The study enrolled 2,737 patients who completed their initial application during the study period, and their CKD stage G classification (classified by GFR) was assessed at renewal application three years later. The database consists of baseline data collected during initial case enrollment and annual follow-up data recorded thereafter. Since each follow-up entry contained only one measurement taken by the attending physician, no preprocessing was applied and the recorded values were directly used as features. Using this data source, we constructed a dataset in which the clinical characteristics recorded at the time of the initial application were specified as predictors and the CKD stage determined at the 3-year renewal application was defined as the outcome.

Results evaluation

The primary endpoint was CKD stage G classification assessed after 3 years. Both CKD stage G and A classifications serve as severity criteria for determining whether a patient is eligible for financial support for incurable diseases in Japan, and are important indicators that influence clinical management. Among these indicators, the G classification is widely incorporated into mandatory health examinations and frequently measured in daily clinical practice, making it advantageous as ground truth data for machine learning analysis.

statistical analysis

Descriptive statistics were calculated for all predictor variables to assess the distribution of the data. Discrete variables were summarized by frequencies and percentages, and continuous variables were characterized by means and variances. Additionally, the number of observations for each variable was recorded. All analyzes were performed using R version 4.4.2.

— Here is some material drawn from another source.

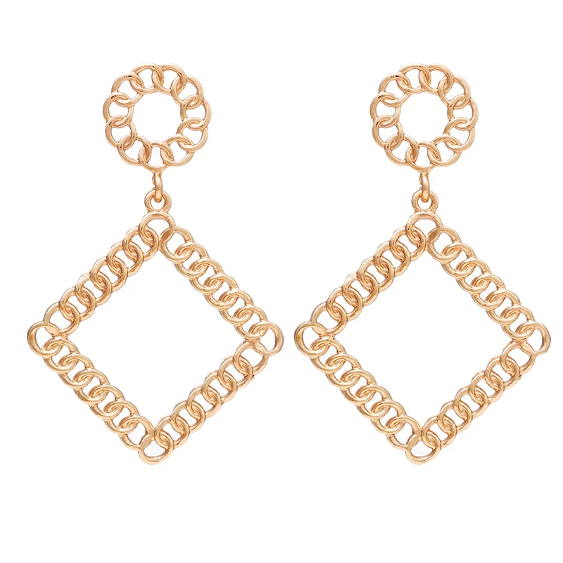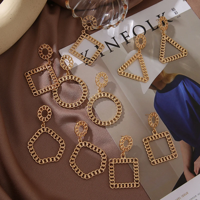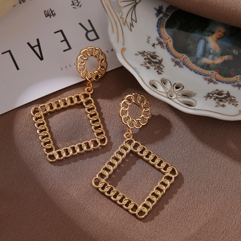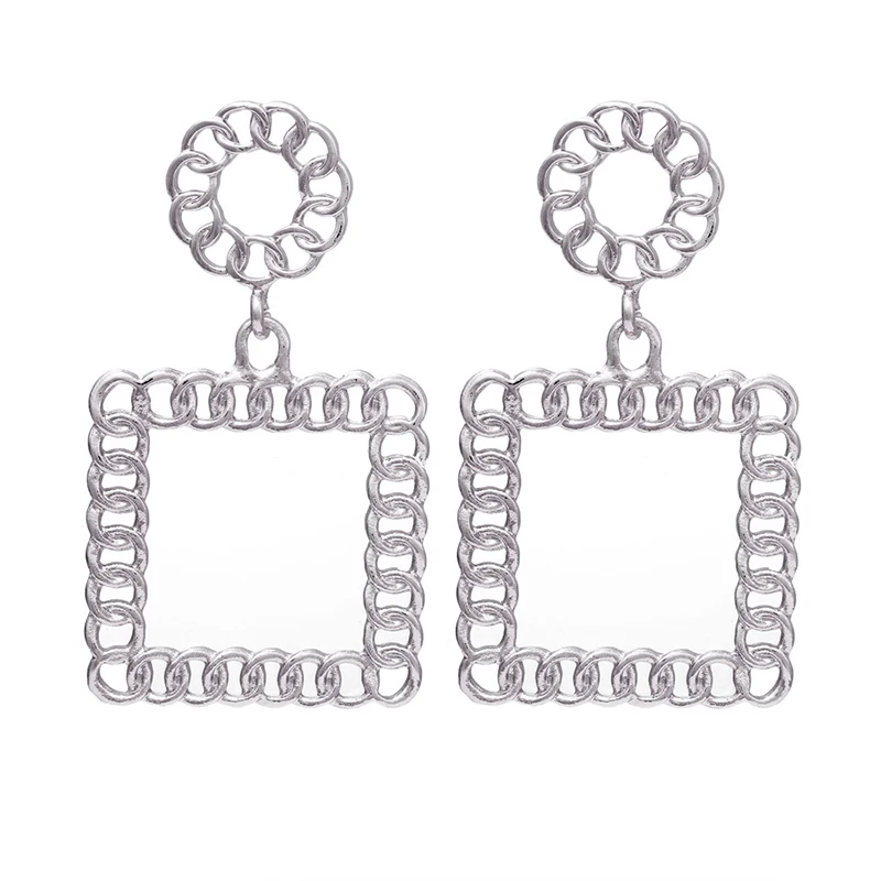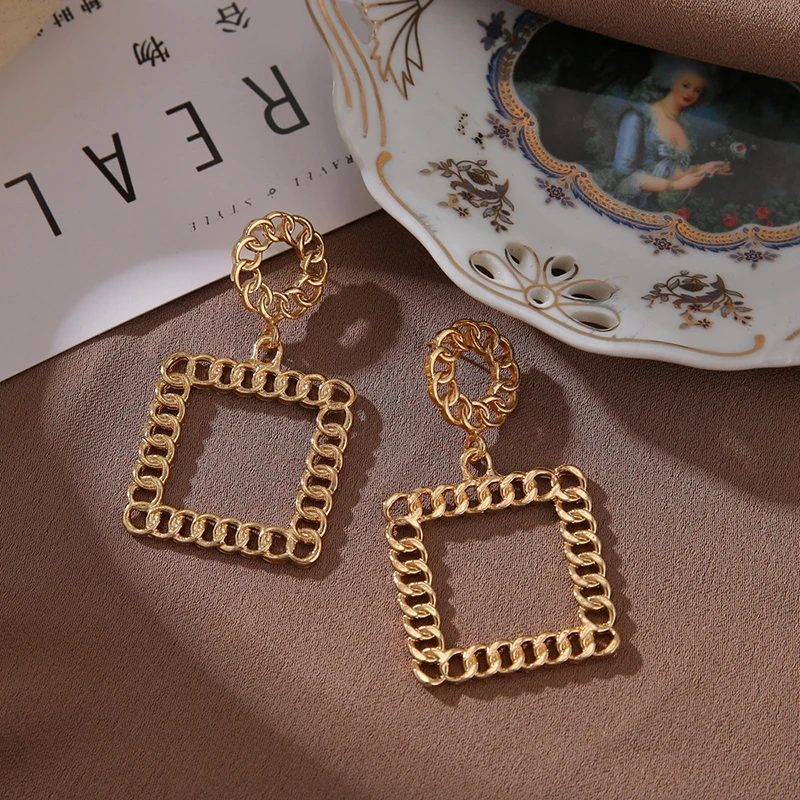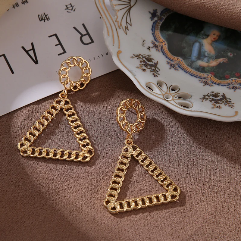 Винтажные серьги-подвески золотого и серебряного цветов квадратные треугольные - купить

Model fitting and evaluation

A classification model was developed to predict CKD stage 3 years after first application using clinical characteristics at the time of first application as input variables. Machine learning techniques considered included Naive Bayes models, linear support vector machines, and random forests. Stratified sampling was performed according to the 3-year outcome of CKD stage G classification, and then patients were assigned to a training set for parameter optimization (60%) and a test set for external validation (40%). The training set was utilized to generate multiple samples through k-fold cross-validation, allowing for the identification of parameters that exhibit stable performance across diverse datasets. The accuracy and ROC-AUC of the final model were calculated using a test set that was not involved in parameter optimization to evaluate its predictive performance. ROC-AUC represents the area under the receiver operating characteristic curve and serves as an indicator of the model’s ability to assign a high probability to the correct label.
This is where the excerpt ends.